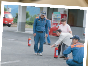
備えて安心、体験して実感 避難訓練
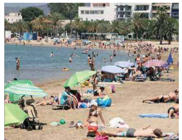
La platja a Roses el mes de juliol passat. Els turistes han fet 60.000 consultes ■ JOAN SABATER

■ Els turistes volen informació sobre el patrimoni cultural rosinc i s'adrecen sobretot a l'oficina del Port Llançanenca

Assignment:
Leaving out the pictures, output the listing above exactly as given.

Response below:
備えて安心、体験して実感 避難訓練
La platja a Roses el mes de juliol passat. Els turistes han fet 60.000 consultes ■ JOAN SABATER

■ Els turistes volen informació sobre el patrimoni cultural rosinc i s'adrecen sobretot a l'oficina del Port Llançanenca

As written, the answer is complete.